Custom interconnects, particularly the Cray Aries and the IBM BlueGeneQ, account for 14.8 percent of systems and 44.3 percent of total LINPACK capacity embodied on the November 2015 Top500 list. This, in a datacenter world that is utterly dominated by Ethernet excepting HPC and a minority of workloads at cloud builders and hyperscalers. If you like to drill down into the details, as we do at The Next Platform, here is the detailed table from the November list regarding installations by interconnect:
If you want to get a visual sense of the installed capacity by interconnect type, check out this tree graph:
There are two systems on the Top500 list that have deployed 100 Gb/sec EDR InfiniBand – the “Hikari” machine built by Hewlett Packard Enterprise for the Texas Advanced Computing Center and the “Magic Cube II” machine built by Sugon for the Shanghai Supercomputer Center, and Mellanox says that it will have two more clusters running on its fastest InfiniBand by the end of the year. Gilad Shainer, vice president of marketing at Mellanox, told The Next Platform ahead of SC15 with tis Switch-IB 2 launch that the ramp for EDR InfiniBand – in terms of both revenue and port counts – was twice as fast as what Mellanox saw 56 Gb/sec FDR InfiniBand, and that the FDR ramp was faster than for 40 Gb/sec QDR InfiniBand. Here is what the transition looks like for the top speeds of InfiniBand for the past three and a half years:
Across the petaflops-class machines on the November 2015 Top500 list, Mellanox InfiniBand is used on 33 of the machines, Gemini and Aries interconnects from Cray are used on 25 machines, eight are using IBM’s BlueGene interconnect, and the remaining six are using other proprietary interconnects such as the Tofu interconnect from Fujitsu or the TH Express 2 interconnect from the National University of Defense Technology (NUDT) in China.

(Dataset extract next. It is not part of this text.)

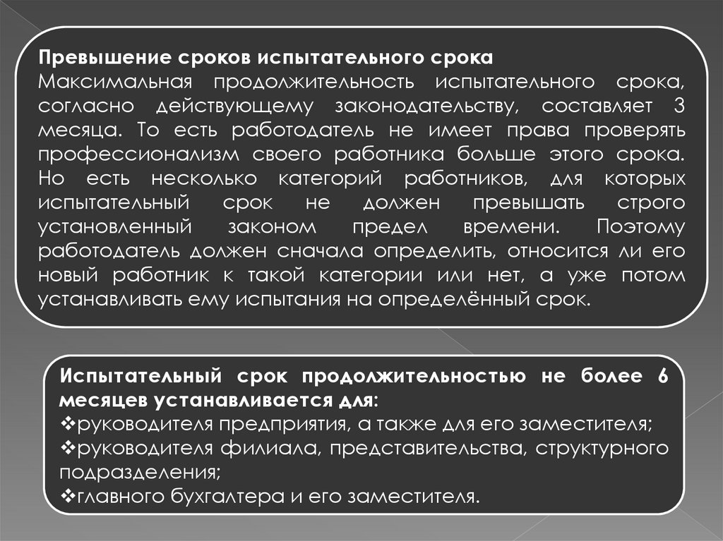 Превышение сроков испытательного срокаМаксимальная продолжительность испытательного срока,

While QLogic had some traction in HPC before it sold off that business to Intel a few years back, the big question everyone wants an answer to is how will the new Omni-Path interconnect from Intel deliver in terms of price and price/performance compared to InfiniBand, Aries, and other options. Charles Wuischpard, general manager of the HPC Platform Group within Intel’s Data Center Group, said at SC15 that Omni-Path interconnects are involved in HPC cluster deals with over 100,000 server nodes and that this represents somewhere around 20 percent to 25 percent of the potential market for high-end interconnects such as InfiniBand, Aries, NUMALink, and others. Intel does not expect to capture all of that opportunity, but it will convert some of it. You can also count on makers and sellers of other interconnects to fight back very hard against Omni-Path, and the next effect will be very intense competition – and lower pricing – for all interconnects. Now is a good time to get some benchmarks ready for parallel simulations that will stress these high-end interconnects and put together a bakeoff for whatever systems you might want to install in 2016 or 2017.